I suspect they don't plan to sell such devices. And I totally don't understand
why not.

------
jschuur
Let's just focus on one thing that many people are used to: the news feed.

Say I want to find out what all my friends are up to lately. Since this
information doesn't live in a (more or less) central place any more like it
used to on Facebook, I need to go out and contact each node (in an encrypted,
secure way) that my friends run/pay to host on an ISP and ask them, what
they're up to lately. That information then gets merged by my local node (that
I presumably access to view a news stream) and displayed to me.

Isn't that more than a bit inefficient? Hundreds of friends, means hundreds of
connections going out, to grab friend updates, each with encryption overhead.
And all those nodes have to be up and running of course.
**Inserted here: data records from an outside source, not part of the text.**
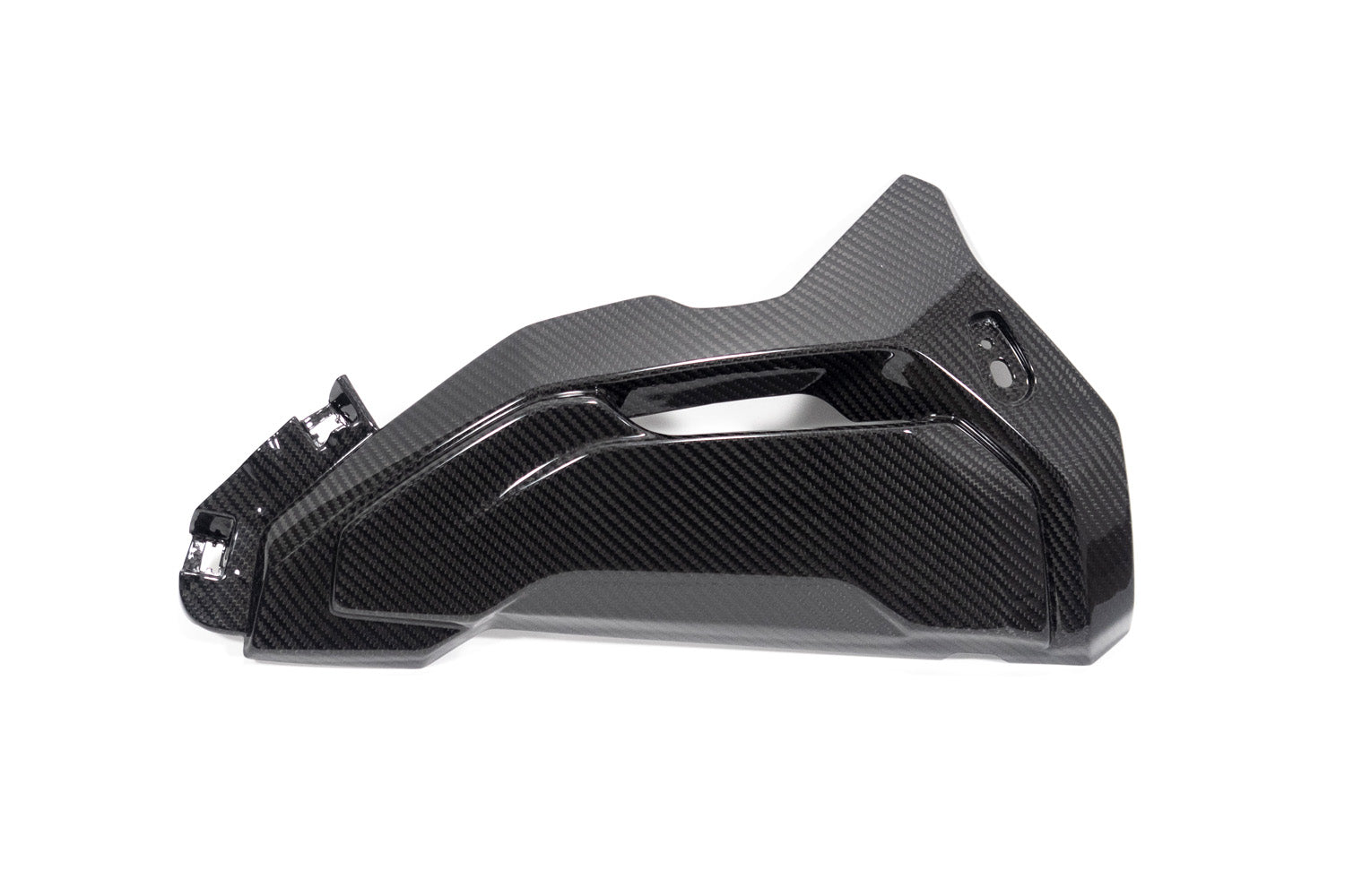 This space age material unfolds its full potential with up to 70% weight decrease compared to the standard part and its weight-specific stiffness. Form follows function here and integrates optimally into the design of the motorcycle. The contours of the machine are incorporated as well as the material and surface texture of neighbouring series components. This carbon component underscores the high-tech claim of your BMW with the unique appeal of real carbon.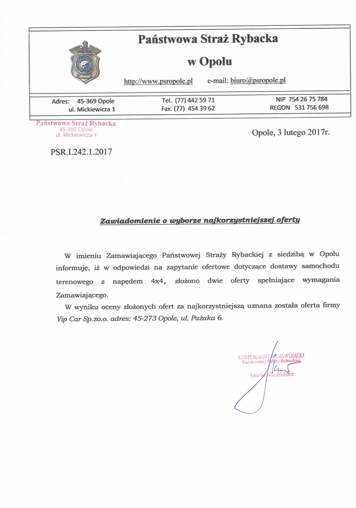 Informacja o wyniku postępowania w sprawie ,,Zapytania ofertowego" na dostawę zamochodu terenowego z napędem 4x4.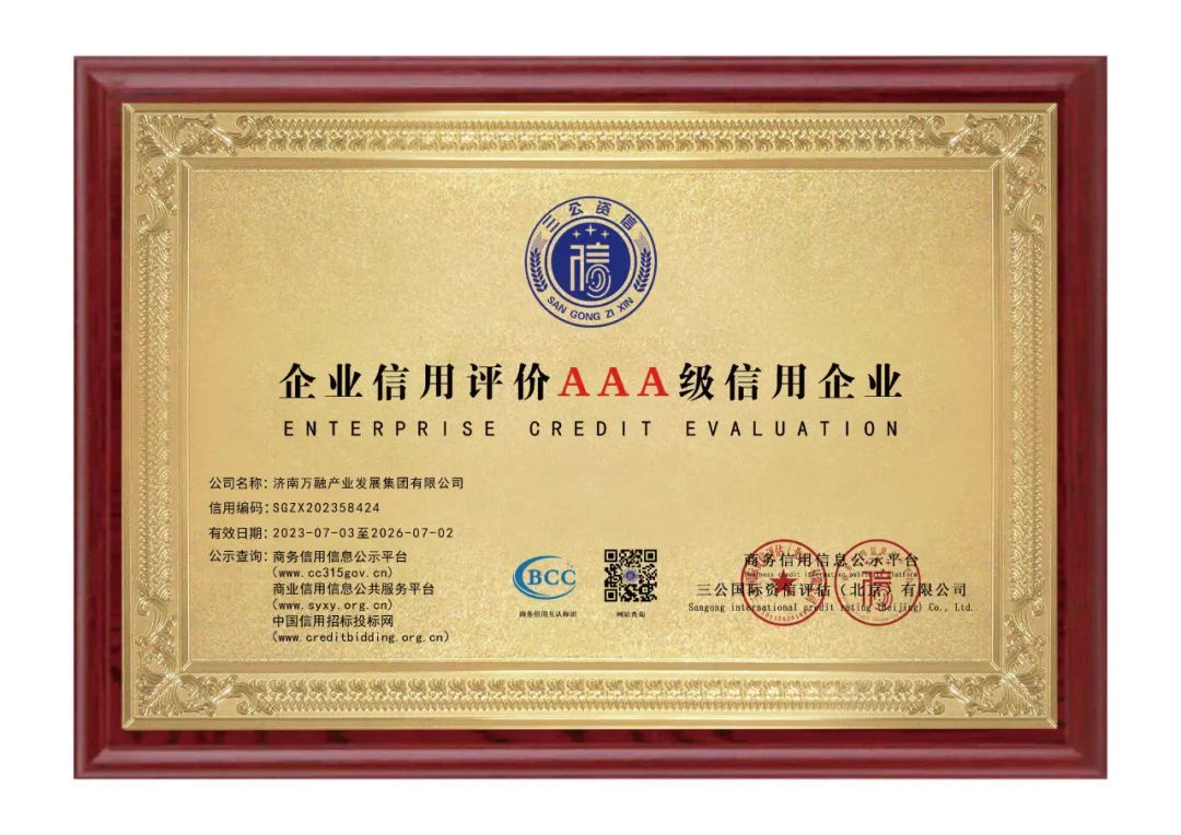 目前,公司擁有企業(yè)資信AAA等級證書、質(zhì)量服務(wù)誠信企業(yè)AAA等級證書、重合同守信用企業(yè)AAA等級證書、誠信經(jīng)營示范企業(yè)AAA等級證書、重質(zhì)量服務(wù)守信用企業(yè)AAA等級證書、重服務(wù)守信用企業(yè)AAA等級證書、企業(yè)信用AAA等級證書、招投標(biāo)領(lǐng)域立信五星企業(yè)、誠信企業(yè)家、誠信經(jīng)理人、企業(yè)信用評價AAA級信用企業(yè)等信用認(rèn)證。

OK, so let's assume your own node is smart enough to cache these updates.
Maybe it even gets updates pushed to it when my friends update, so it's not
constantly polling all of them in search for updates. That means if my friend
withdraws permission to see their updates, I still have access to their cached
info local to my own node.

So perhaps there's also a push update system that handles revocation. You
remove permissions and send another message to those affected to forget your
info. But what if I run a modified node that chooses to ignore this
information? The whole thing is open source and anyone can tinker with their
node code. Say I friend a malicious entity, decide I don't like them anymore,
and take back their access. It could be too late.

See, this is the kind of technical detail I was hoping for. Real life examples
and a vague outline of how they're going to tackle them.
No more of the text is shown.